● WORK INSTRUCTIONS
Copy only the lines from the one with "Portabolígrafos en RPET" through the end of the records, exactly as they stand. No pictures belong in the copy.

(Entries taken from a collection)
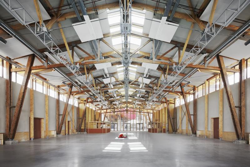 Mevcut hangar yapısına eklenen iki yan kanat ile yapı “Grande Halle” olarak yeniden tanımlanmış; yükseköğretim birimi ve idari işlevler için gerekli yeni mekanlar bu kütle içinde düzenlenmiş. Strüktür özellikle akrobasi ekipmanlarının asılabilmesine olanak tanıyacak biçimde güçlendirilmiş, böylece merkezi boşluk sirk eğitimi ve etkinlikler için yeni bir karşılaşma ve toplanma alanına dönüştürülmüş.
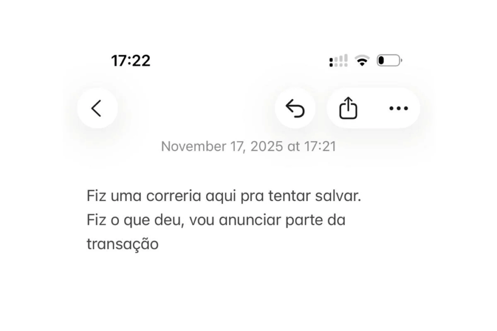 Às 7h19 de 17 de novembro de 2025, quando tentava embarcar para Dubai, Vorcaro escreveu: “Fiz uma correria aqui para tentar salvar. Alguma novidade? Conseguiu ter notícia ou bloquear?”. A pessoa com quem ele se comunicava respondeu com três mensagens de visualização única, que não puderam ser recuperadas.
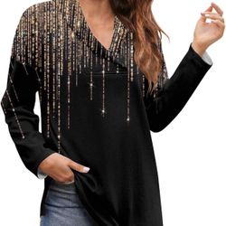 Fall Tunic for Women Long Sleeve Going Out Blouse Graphic Plus Size Crop Tops V Neck Work Fashion Pullover $15Pico Rivera, CA
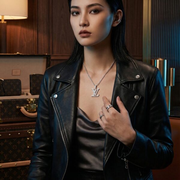 Chiếc vòng này thật tuyệt — sáng bóng, sang trọng và hoàn toàn phù hợp để chụp ảnh. Trông giống hàng hiệu, cảm giác đắt tiền, nhưng tài khoản ngân hàng của tôi vẫn vui 🙂 Mặt dây chuyền LV to và táo bạo nhưng không hề sến súa.
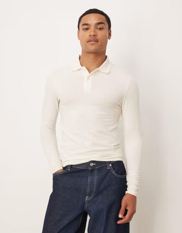 エイソス メンズ トップス ポロシャツ ASOS DESIGN Essentials muscle fit long sleeve polo in cream Coconut milk クリーム
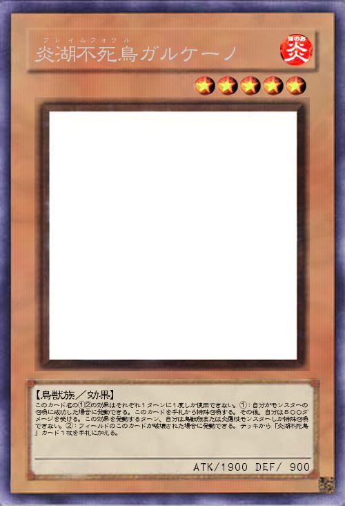 | このカード名の①②の効果はそれぞれ1ターンに1度しか使用できない。①:自分がモンスターの召喚に成功した場合に発動できる。このカードを手札から特殊召喚する。その後、自分は500ダメージを受ける。この効果を発動するターン、自分は鳥獣族または炎属性モンスターしか特殊召喚できない。②:フィールドのこのカードが破壊された場合に発動できる。デッキから「炎湖不死鳥」カード1枚を手札に加える。 | |||
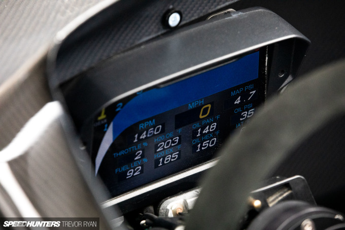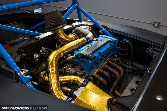 Gone is the Toyota powerplant, and in its place sits a K24A2 sourced from a 2005 Acura TSX. The Rotrex-supercharged and Garrett water-to-air-intercooled engine has been treated to tunes for US 91 octane and E85, which produce 440hp/325lb-ft and 570hp/392lb-ft respectively. The Honda PRC/RSX ECU is running Hondata K-Pro management, while other updated hardware includes a Hybrid Racing fuel rail, Grams 1,150cc injectors, K20 water and oil pumps, an FMV industries stainless steel exhaust header, and a Burns two-stage muffler.
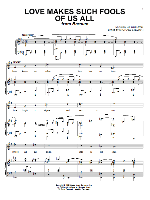 Download or print Cy Coleman Love Makes Such Fools Of Us All sheet music, chords and digital score arranged for Piano & Vocal. This Musical/Show score includes 3 page(s).
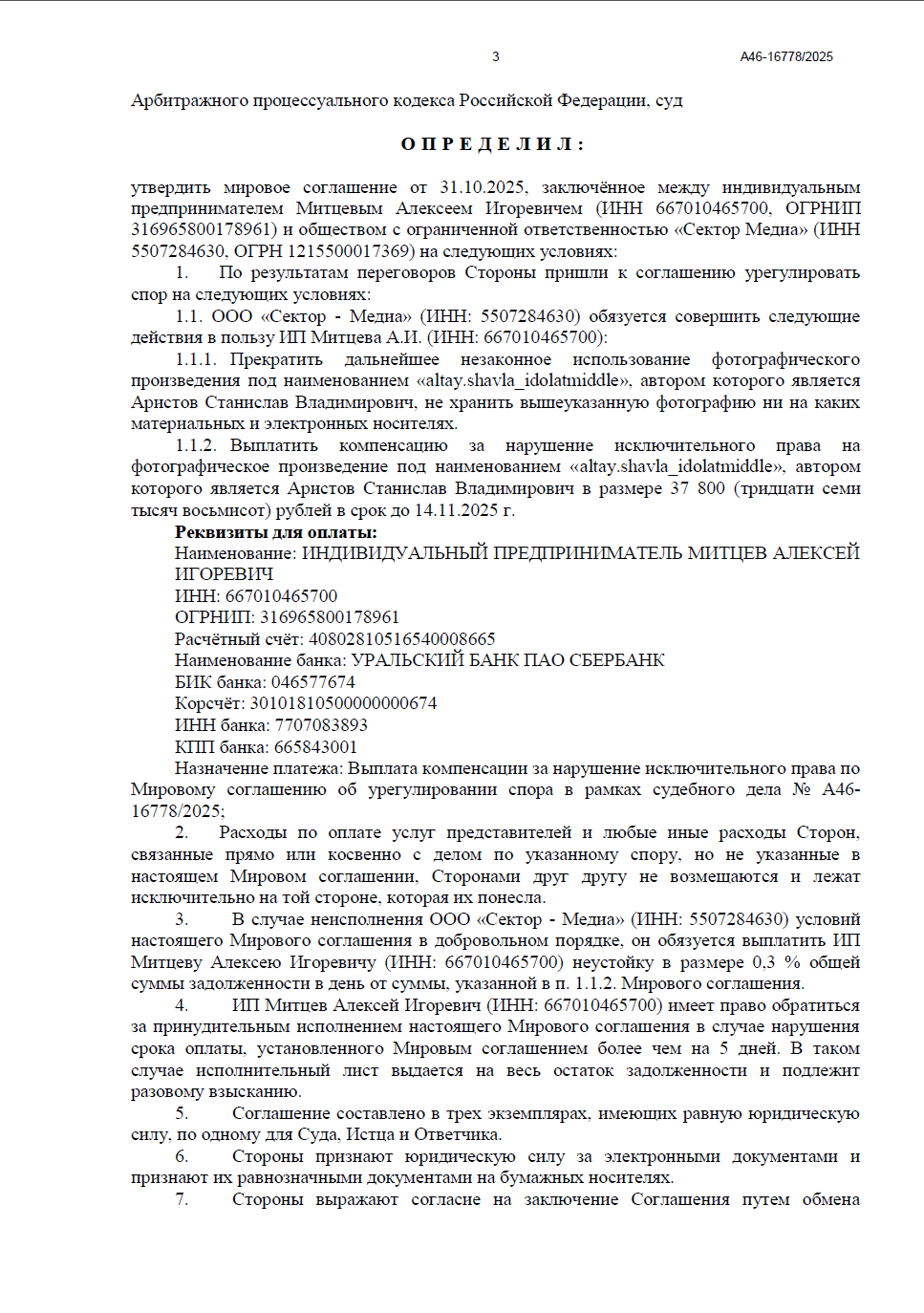 Специалисты нашей компании обратились в Арбитражный суд Омской области с исковым заявлением к ООО «Сектор Медиа». Основанием стал факт неправомерного использования фотографии. Суд принял дело к рассмотрению в порядке упрощенного производства.
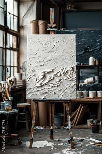 A large white and dark blue canvas painting displayed on an easel in a studio
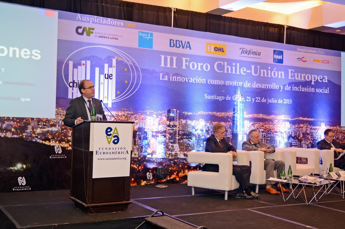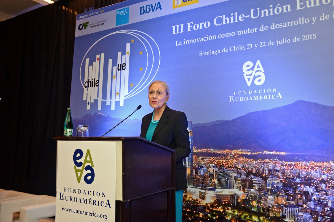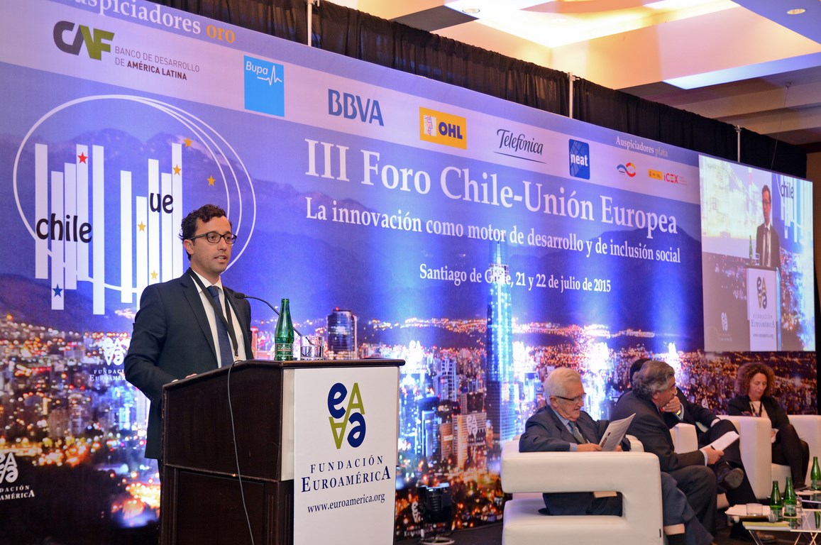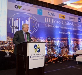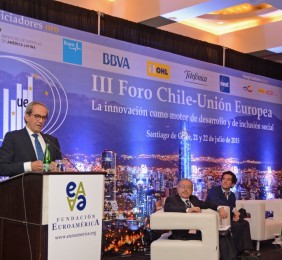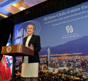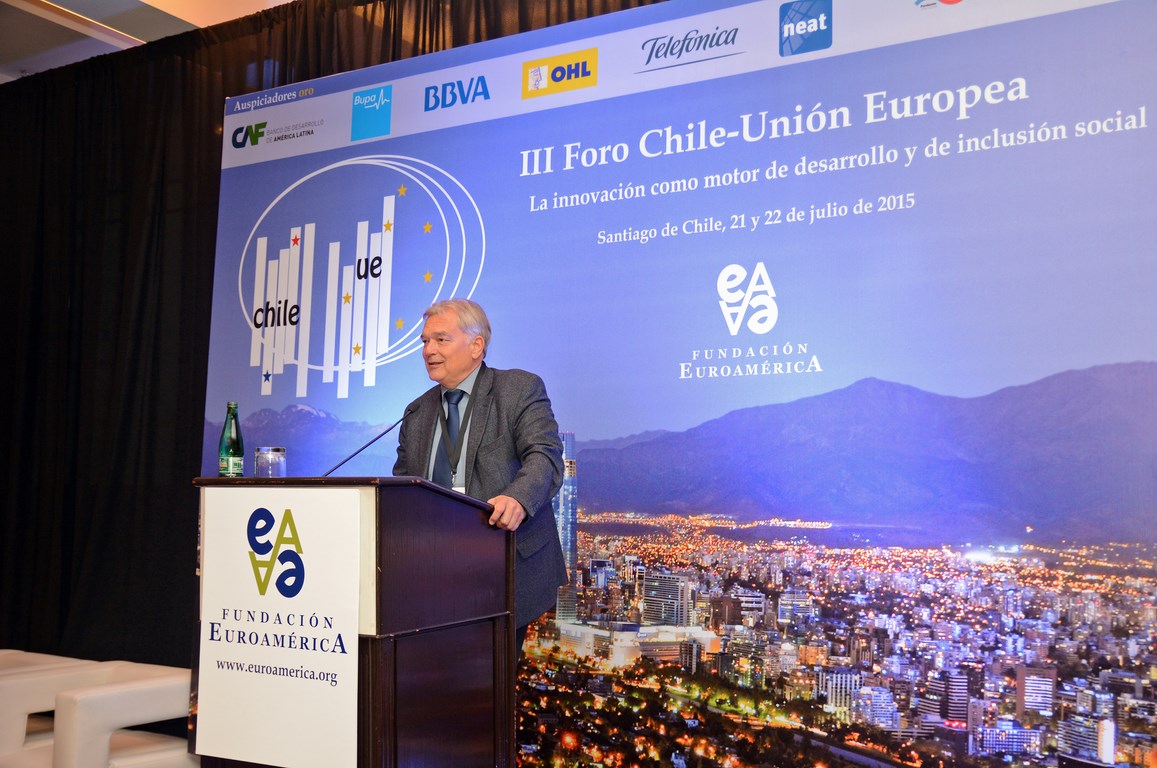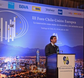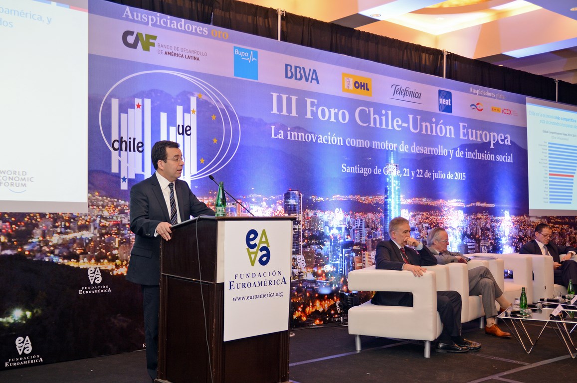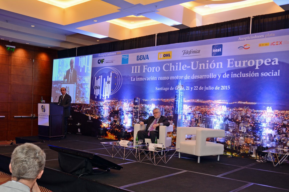 El momento actual en el que el nuevo gobierno presidido por Michelle Bachelet está acometiendo transformaciones estructurales ambiciosas cuyo objetivo es alcanzar un crecimiento, no sólo sostenido sino inclusivo, hace que este Foro Chile-Unión Europea, tercero que la Fundación Euroamérica organiza en Santiago de Chile, sea un marco perfecto de debate, análisis y reflexión, establecido al más alto nivel, que suponga un intercambio de experiencias, diálogo y cooperación entre dos ámbitos políticos y económicos que comparten amplias miras de mutuo entendimiento.
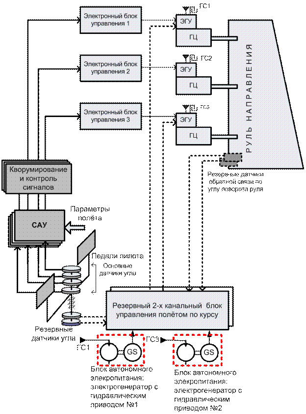 Практика показывает, что такие компенсаторы выравнивают перепады давления в каждом из гидроцилндров около некоторого среднего значения, которое определяется внешней нагрузкой, а именно: АпРнi = Fн/3, Где Ап – эффективная площадь поршня гидроцилиндров рулевых агрегатов. Введение интегратора в цепь управления перепадом давления на поршне существенно повышает точность выравнивания сил и исключает взаимонагружение в статических режимах. Чтобы исключить непрерывные циклические вычисления, связанные с выравниванием сил, подсистема выравнивания сил активна только в том случае, если сигнал рассогласования между средним перепадом давления и перепадом в каждом гидроцилиндре превышает пороговое некоторое значение. Это реализуется путём введения в алгоритм выравнивания сил некоторой зоны нечувствительности. Насыщение каждого канала ЭГРП электроникой неизбежно приводит к снижению безотказности ЭГРП по сравнению с рулевым гидроприводом, имеющим механическое управление. Например, интенсивность отказов электронного блока управления и контроля исправности каждого ЭГРП (без учёта безотказности электронных линий связи и центрального вычислителя системы управления полётом) примерно равна λ=(20-24)*10-6 1/ч., в то время, как интенсивность отказа одного рулевого гидропривода с механическим управлением примерно равна λ=4.76*10-6 1/ч. Поэтому для повышения безотказности системы управления рулевыми поверхностями до уровня систем гидроприводов с механическим управлением необходимо дополнительное резервирование устройств формирования электрических сигналов и систем энергоснабжения. Электронные тракты передачи сигналов управления и электронные блоки преобразования сигналов обладают большими показателями интенсивности отказов, чем механические передачи. Поэтому требуются специальные схемные решения, повышающие уровень безотказности электродистанционных систем управления рулевой поверхностью, особенно односекционного руля направления, который является жизненно важной поверхностью. Отказ управления рулём направления (по курсу) при некотором боковом ветре приводит к катастрофе самолёта. Рассмотрим некоторые схемные решения повышающие безотказность наиболее критичной, как указывалось выше, электродистанционной системы управления – системы управления рулём направления. Практически в качестве приемлемого решения построения системы можно считать электродистанционную систему, которая допускала бы управление полётом после выхода из строя всех штатных систем электропитания и (или) электронных систем управления, например, вследствие удара молнии, воздействия статического электричества, воздействия мощного радиоизлучения, радиационного воздействия или выхода из строя маршевых двигателей самолёта. Проблема повышения безотказности электродистанционной системы (СДУ) управления по курсу до уровня, которым обладает система с механическим управлением и гидравлическими рулевыми приводами с механическим управлением может быть решена следующим путём. 1. Дополнительное резервирование источников электроэнергии с механическим или гидравлическим приводом для обеспечения электропитанием жизненно важных блоков и устройств, обеспечивающих безопасное управление в случае отказа электронных блоков штатной системы управлен
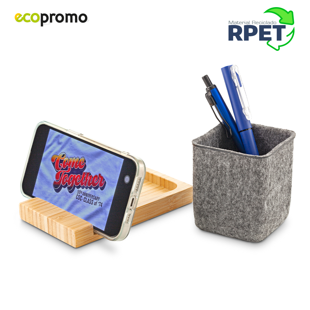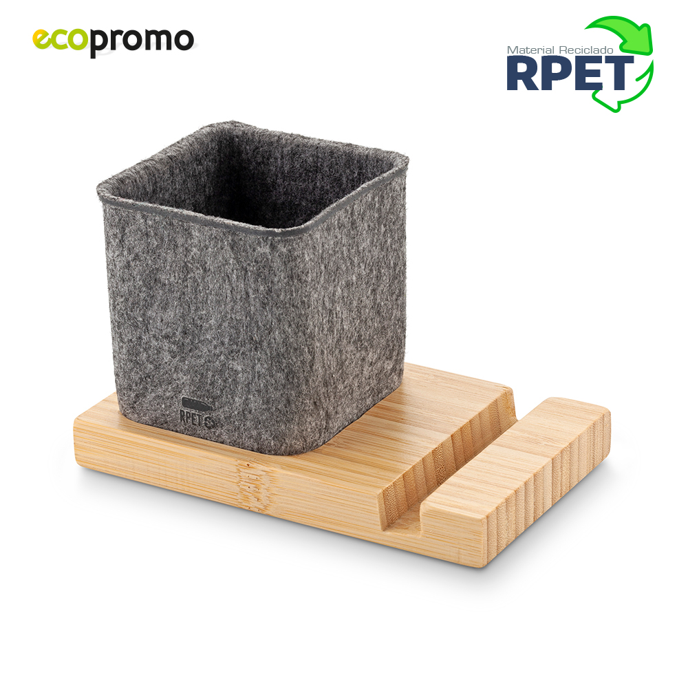 Portabolígrafos en RPET reciclado y base en bambú. Con soporte para celular. Empaque caja individual. Medidas: 14 cm x 8.3 cm x 8.8 cm. Marca: 3 cm / Láser.
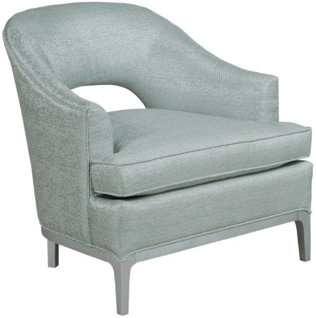 Add an elegant touch to your living room with the Pelle Provisions Jamie Lounge Chair. This elegant contemporary chair features a barrel-shaped back with an opening at the seat level. Wood outlines the base of the chair and tailored welting adds sculpted shaping. The slim simple arm shape flows from the back.Read More

● RESULT OF THE EXERCISE
 Portabolígrafos en RPET reciclado y base en bambú. Con soporte para celular. Empaque caja individual. Medidas: 14 cm x 8.3 cm x 8.8 cm. Marca: 3 cm / Láser.
 Add an elegant touch to your living room with the Pelle Provisions Jamie Lounge Chair. This elegant contemporary chair features a barrel-shaped back with an opening at the seat level. Wood outlines the base of the chair and tailored welting adds sculpted shaping. The slim simple arm shape flows from the back.Read More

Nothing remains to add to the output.